[Data records]
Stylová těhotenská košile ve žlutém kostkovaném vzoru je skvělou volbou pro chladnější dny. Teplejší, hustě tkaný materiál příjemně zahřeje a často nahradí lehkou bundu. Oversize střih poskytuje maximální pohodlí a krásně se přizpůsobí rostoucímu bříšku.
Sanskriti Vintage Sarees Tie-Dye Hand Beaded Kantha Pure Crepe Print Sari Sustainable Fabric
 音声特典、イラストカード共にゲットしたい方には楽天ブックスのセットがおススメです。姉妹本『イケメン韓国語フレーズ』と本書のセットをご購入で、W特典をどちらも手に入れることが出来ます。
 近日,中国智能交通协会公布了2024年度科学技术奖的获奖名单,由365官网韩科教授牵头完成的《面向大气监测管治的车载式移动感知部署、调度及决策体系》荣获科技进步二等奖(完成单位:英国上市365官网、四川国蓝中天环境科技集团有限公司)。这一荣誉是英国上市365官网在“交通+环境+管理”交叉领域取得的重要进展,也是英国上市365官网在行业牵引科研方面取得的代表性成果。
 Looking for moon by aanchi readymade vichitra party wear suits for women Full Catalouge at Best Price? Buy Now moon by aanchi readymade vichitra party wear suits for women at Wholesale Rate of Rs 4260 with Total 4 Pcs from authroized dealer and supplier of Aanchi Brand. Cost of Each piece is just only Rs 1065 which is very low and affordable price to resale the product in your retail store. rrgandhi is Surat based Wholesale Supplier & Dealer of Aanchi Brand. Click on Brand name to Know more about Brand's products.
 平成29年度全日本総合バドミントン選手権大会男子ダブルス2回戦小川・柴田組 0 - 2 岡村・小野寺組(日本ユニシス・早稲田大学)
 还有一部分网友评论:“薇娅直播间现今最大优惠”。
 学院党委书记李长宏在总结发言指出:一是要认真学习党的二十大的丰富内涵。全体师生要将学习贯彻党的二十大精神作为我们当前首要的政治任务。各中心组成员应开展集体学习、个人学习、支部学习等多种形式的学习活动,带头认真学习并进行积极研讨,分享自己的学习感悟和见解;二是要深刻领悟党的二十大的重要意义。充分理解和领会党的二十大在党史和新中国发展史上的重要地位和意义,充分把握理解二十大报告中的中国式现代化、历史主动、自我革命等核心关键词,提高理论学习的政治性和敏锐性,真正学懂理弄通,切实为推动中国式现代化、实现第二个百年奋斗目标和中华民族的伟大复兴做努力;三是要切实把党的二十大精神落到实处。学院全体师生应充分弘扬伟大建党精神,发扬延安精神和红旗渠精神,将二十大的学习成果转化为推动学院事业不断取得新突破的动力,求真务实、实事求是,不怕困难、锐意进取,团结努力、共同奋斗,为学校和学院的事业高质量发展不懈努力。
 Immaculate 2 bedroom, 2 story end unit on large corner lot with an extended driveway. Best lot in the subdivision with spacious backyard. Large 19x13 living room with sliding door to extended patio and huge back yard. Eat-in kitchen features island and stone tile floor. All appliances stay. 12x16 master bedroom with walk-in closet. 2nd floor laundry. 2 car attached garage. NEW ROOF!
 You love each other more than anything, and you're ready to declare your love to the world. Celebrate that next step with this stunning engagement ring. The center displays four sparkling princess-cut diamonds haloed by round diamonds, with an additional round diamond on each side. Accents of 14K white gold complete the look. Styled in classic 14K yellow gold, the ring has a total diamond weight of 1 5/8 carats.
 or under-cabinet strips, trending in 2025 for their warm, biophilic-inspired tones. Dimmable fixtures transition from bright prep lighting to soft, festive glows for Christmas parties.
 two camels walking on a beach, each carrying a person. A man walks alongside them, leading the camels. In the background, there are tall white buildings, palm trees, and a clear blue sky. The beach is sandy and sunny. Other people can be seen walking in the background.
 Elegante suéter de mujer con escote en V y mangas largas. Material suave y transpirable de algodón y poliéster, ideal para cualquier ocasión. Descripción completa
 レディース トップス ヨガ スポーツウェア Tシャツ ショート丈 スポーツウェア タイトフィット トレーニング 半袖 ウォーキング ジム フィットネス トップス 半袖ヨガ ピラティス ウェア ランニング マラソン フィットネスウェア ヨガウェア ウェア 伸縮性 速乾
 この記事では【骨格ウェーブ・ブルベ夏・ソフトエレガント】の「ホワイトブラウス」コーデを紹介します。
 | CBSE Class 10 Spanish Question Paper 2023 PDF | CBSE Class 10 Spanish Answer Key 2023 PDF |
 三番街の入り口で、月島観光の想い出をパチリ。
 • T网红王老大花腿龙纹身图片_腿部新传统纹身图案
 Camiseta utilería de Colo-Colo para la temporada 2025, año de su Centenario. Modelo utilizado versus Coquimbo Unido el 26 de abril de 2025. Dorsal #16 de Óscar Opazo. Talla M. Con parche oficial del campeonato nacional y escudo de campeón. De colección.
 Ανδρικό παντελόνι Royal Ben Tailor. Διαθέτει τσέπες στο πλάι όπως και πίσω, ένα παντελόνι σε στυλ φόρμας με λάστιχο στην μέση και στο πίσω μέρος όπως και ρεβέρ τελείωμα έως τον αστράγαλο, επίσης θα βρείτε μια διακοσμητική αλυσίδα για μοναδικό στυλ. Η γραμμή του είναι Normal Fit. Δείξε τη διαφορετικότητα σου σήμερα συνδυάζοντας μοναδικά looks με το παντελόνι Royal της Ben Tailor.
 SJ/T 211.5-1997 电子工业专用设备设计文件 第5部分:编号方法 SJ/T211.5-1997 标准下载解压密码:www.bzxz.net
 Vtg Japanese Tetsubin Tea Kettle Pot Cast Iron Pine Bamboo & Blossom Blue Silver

_Task_
From the first line to the last, retype the data exactly.

_Response below_
Stylová těhotenská košile ve žlutém kostkovaném vzoru je skvělou volbou pro chladnější dny. Teplejší, hustě tkaný materiál příjemně zahřeje a často nahradí lehkou bundu. Oversize střih poskytuje maximální pohodlí a krásně se přizpůsobí rostoucímu bříšku.
Sanskriti Vintage Sarees Tie-Dye Hand Beaded Kantha Pure Crepe Print Sari Sustainable Fabric
 音声特典、イラストカード共にゲットしたい方には楽天ブックスのセットがおススメです。姉妹本『イケメン韓国語フレーズ』と本書のセットをご購入で、W特典をどちらも手に入れることが出来ます。
 近日,中国智能交通协会公布了2024年度科学技术奖的获奖名单,由365官网韩科教授牵头完成的《面向大气监测管治的车载式移动感知部署、调度及决策体系》荣获科技进步二等奖(完成单位:英国上市365官网、四川国蓝中天环境科技集团有限公司)。这一荣誉是英国上市365官网在“交通+环境+管理”交叉领域取得的重要进展,也是英国上市365官网在行业牵引科研方面取得的代表性成果。
 Looking for moon by aanchi readymade vichitra party wear suits for women Full Catalouge at Best Price? Buy Now moon by aanchi readymade vichitra party wear suits for women at Wholesale Rate of Rs 4260 with Total 4 Pcs from authroized dealer and supplier of Aanchi Brand. Cost of Each piece is just only Rs 1065 which is very low and affordable price to resale the product in your retail store. rrgandhi is Surat based Wholesale Supplier & Dealer of Aanchi Brand. Click on Brand name to Know more about Brand's products.
 平成29年度全日本総合バドミントン選手権大会男子ダブルス2回戦小川・柴田組 0 - 2 岡村・小野寺組(日本ユニシス・早稲田大学)
 还有一部分网友评论:“薇娅直播间现今最大优惠”。
 学院党委书记李长宏在总结发言指出:一是要认真学习党的二十大的丰富内涵。全体师生要将学习贯彻党的二十大精神作为我们当前首要的政治任务。各中心组成员应开展集体学习、个人学习、支部学习等多种形式的学习活动,带头认真学习并进行积极研讨,分享自己的学习感悟和见解;二是要深刻领悟党的二十大的重要意义。充分理解和领会党的二十大在党史和新中国发展史上的重要地位和意义,充分把握理解二十大报告中的中国式现代化、历史主动、自我革命等核心关键词,提高理论学习的政治性和敏锐性,真正学懂理弄通,切实为推动中国式现代化、实现第二个百年奋斗目标和中华民族的伟大复兴做努力;三是要切实把党的二十大精神落到实处。学院全体师生应充分弘扬伟大建党精神,发扬延安精神和红旗渠精神,将二十大的学习成果转化为推动学院事业不断取得新突破的动力,求真务实、实事求是,不怕困难、锐意进取,团结努力、共同奋斗,为学校和学院的事业高质量发展不懈努力。
 Immaculate 2 bedroom, 2 story end unit on large corner lot with an extended driveway. Best lot in the subdivision with spacious backyard. Large 19x13 living room with sliding door to extended patio and huge back yard. Eat-in kitchen features island and stone tile floor. All appliances stay. 12x16 master bedroom with walk-in closet. 2nd floor laundry. 2 car attached garage. NEW ROOF!
 You love each other more than anything, and you're ready to declare your love to the world. Celebrate that next step with this stunning engagement ring. The center displays four sparkling princess-cut diamonds haloed by round diamonds, with an additional round diamond on each side. Accents of 14K white gold complete the look. Styled in classic 14K yellow gold, the ring has a total diamond weight of 1 5/8 carats.
 or under-cabinet strips, trending in 2025 for their warm, biophilic-inspired tones. Dimmable fixtures transition from bright prep lighting to soft, festive glows for Christmas parties.
 two camels walking on a beach, each carrying a person. A man walks alongside them, leading the camels. In the background, there are tall white buildings, palm trees, and a clear blue sky. The beach is sandy and sunny. Other people can be seen walking in the background.
 Elegante suéter de mujer con escote en V y mangas largas. Material suave y transpirable de algodón y poliéster, ideal para cualquier ocasión. Descripción completa
 レディース トップス ヨガ スポーツウェア Tシャツ ショート丈 スポーツウェア タイトフィット トレーニング 半袖 ウォーキング ジム フィットネス トップス 半袖ヨガ ピラティス ウェア ランニング マラソン フィットネスウェア ヨガウェア ウェア 伸縮性 速乾
 この記事では【骨格ウェーブ・ブルベ夏・ソフトエレガント】の「ホワイトブラウス」コーデを紹介します。
 | CBSE Class 10 Spanish Question Paper 2023 PDF | CBSE Class 10 Spanish Answer Key 2023 PDF |
 三番街の入り口で、月島観光の想い出をパチリ。
 • T网红王老大花腿龙纹身图片_腿部新传统纹身图案
 Camiseta utilería de Colo-Colo para la temporada 2025, año de su Centenario. Modelo utilizado versus Coquimbo Unido el 26 de abril de 2025. Dorsal #16 de Óscar Opazo. Talla M. Con parche oficial del campeonato nacional y escudo de campeón. De colección.
 Ανδρικό παντελόνι Royal Ben Tailor. Διαθέτει τσέπες στο πλάι όπως και πίσω, ένα παντελόνι σε στυλ φόρμας με λάστιχο στην μέση και στο πίσω μέρος όπως και ρεβέρ τελείωμα έως τον αστράγαλο, επίσης θα βρείτε μια διακοσμητική αλυσίδα για μοναδικό στυλ. Η γραμμή του είναι Normal Fit. Δείξε τη διαφορετικότητα σου σήμερα συνδυάζοντας μοναδικά looks με το παντελόνι Royal της Ben Tailor.
 SJ/T 211.5-1997 电子工业专用设备设计文件 第5部分:编号方法 SJ/T211.5-1997 标准下载解压密码:www.bzxz.net
 Vtg Japanese Tetsubin Tea Kettle Pot Cast Iron Pine Bamboo & Blossom Blue Silver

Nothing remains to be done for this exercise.